Source data
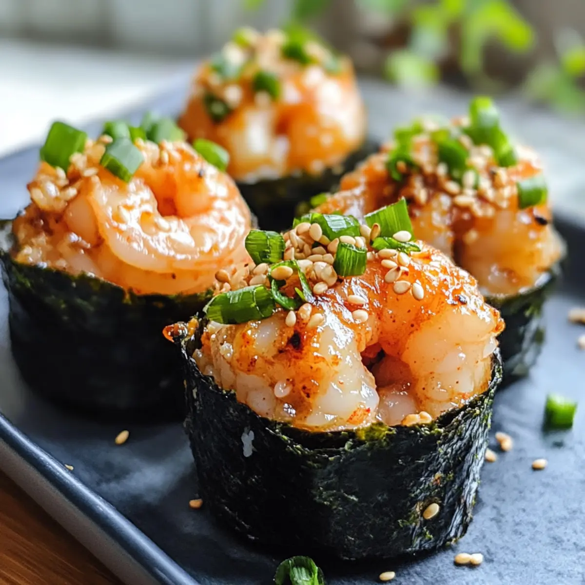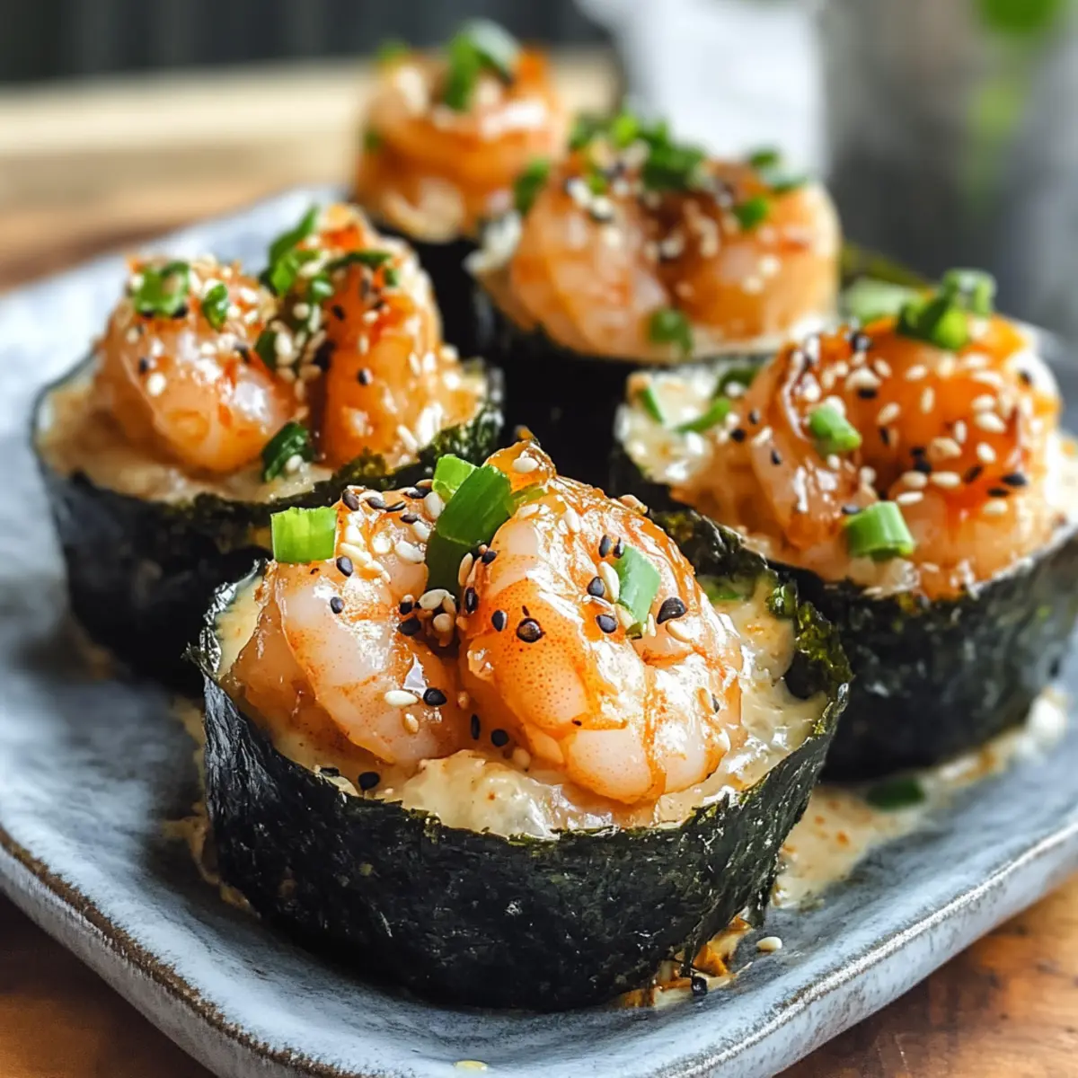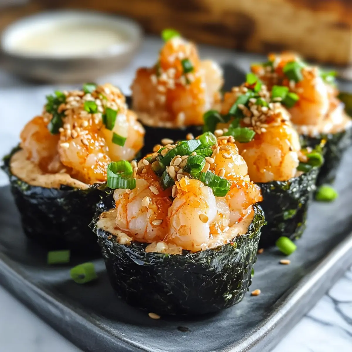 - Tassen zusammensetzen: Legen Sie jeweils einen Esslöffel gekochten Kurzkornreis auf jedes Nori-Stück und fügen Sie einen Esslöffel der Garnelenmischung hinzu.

---

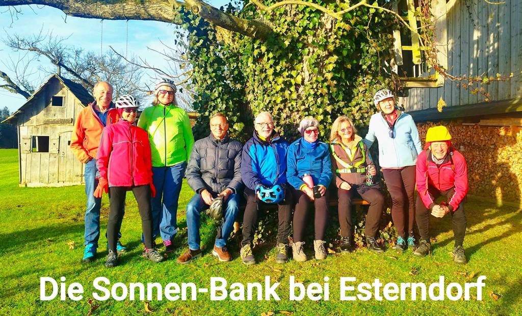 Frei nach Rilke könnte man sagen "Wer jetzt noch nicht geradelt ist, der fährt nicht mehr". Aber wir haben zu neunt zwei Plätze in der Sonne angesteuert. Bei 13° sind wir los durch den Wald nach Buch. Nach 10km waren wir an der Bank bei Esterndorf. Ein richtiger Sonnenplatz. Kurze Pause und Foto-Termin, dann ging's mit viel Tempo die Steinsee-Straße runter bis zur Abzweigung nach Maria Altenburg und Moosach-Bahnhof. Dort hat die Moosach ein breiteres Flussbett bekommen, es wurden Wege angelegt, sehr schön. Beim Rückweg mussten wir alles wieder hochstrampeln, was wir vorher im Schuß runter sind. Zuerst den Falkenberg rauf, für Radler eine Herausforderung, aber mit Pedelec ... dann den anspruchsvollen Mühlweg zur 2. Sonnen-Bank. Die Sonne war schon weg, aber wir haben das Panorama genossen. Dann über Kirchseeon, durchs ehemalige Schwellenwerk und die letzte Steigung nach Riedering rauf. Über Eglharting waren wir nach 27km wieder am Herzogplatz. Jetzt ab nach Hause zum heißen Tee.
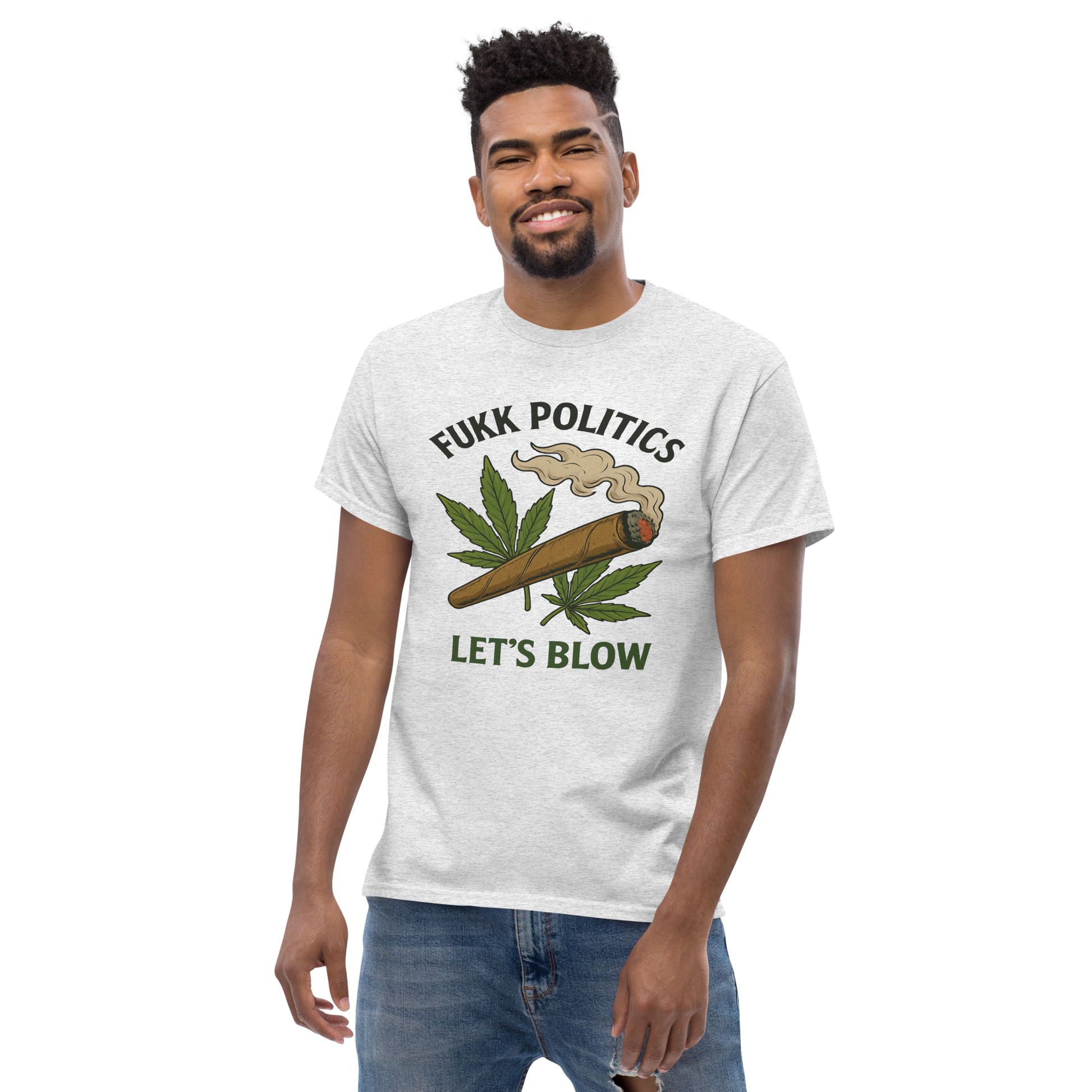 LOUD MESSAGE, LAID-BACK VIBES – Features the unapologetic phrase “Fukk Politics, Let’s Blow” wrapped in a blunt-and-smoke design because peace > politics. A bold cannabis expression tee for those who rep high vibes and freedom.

* * *

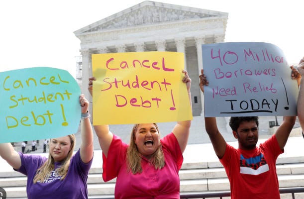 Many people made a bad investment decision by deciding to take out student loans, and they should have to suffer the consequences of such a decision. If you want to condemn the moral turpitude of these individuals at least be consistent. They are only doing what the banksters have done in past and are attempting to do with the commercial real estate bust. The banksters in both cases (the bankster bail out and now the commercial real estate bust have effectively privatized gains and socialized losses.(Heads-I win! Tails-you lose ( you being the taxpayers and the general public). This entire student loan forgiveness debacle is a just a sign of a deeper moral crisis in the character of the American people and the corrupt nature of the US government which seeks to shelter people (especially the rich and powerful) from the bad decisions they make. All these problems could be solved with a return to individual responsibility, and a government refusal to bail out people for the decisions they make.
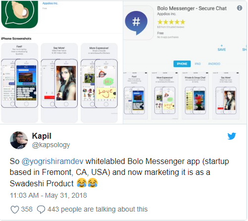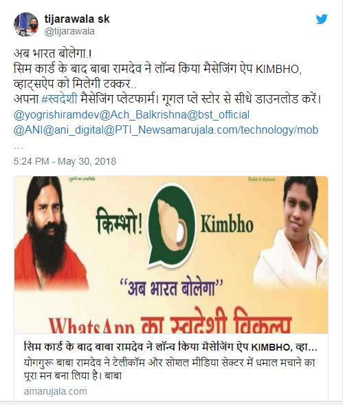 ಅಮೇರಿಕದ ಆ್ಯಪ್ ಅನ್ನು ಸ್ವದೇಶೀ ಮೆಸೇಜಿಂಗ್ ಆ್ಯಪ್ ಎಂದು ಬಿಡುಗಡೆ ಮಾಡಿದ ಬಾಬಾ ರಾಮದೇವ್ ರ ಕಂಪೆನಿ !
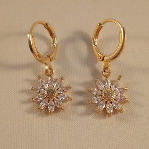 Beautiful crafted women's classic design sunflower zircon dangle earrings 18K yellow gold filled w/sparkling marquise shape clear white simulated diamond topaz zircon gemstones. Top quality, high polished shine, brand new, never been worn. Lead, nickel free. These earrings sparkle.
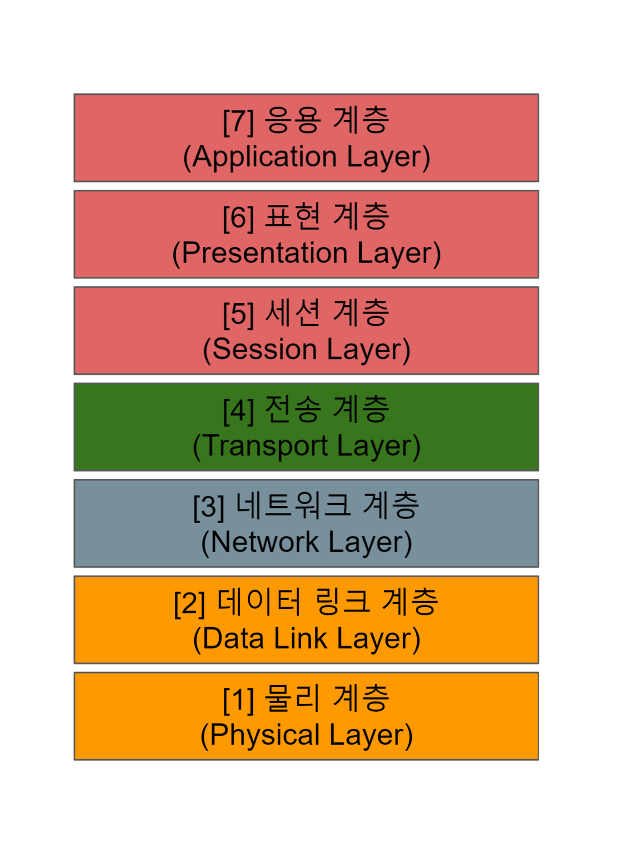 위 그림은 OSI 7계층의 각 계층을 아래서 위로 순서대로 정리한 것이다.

Work order
The answer is those lines of the material above that run from the one containing "Beautiful crafted women's" up to and including the one containing "위 그림은 OSI 7계층의 각 계층을 아래서 위로 순서대로 정리한 것이다.", restated exactly and without images.

Answer box
 Beautiful crafted women's classic design sunflower zircon dangle earrings 18K yellow gold filled w/sparkling marquise shape clear white simulated diamond topaz zircon gemstones. Top quality, high polished shine, brand new, never been worn. Lead, nickel free. These earrings sparkle.
 위 그림은 OSI 7계층의 각 계층을 아래서 위로 순서대로 정리한 것이다.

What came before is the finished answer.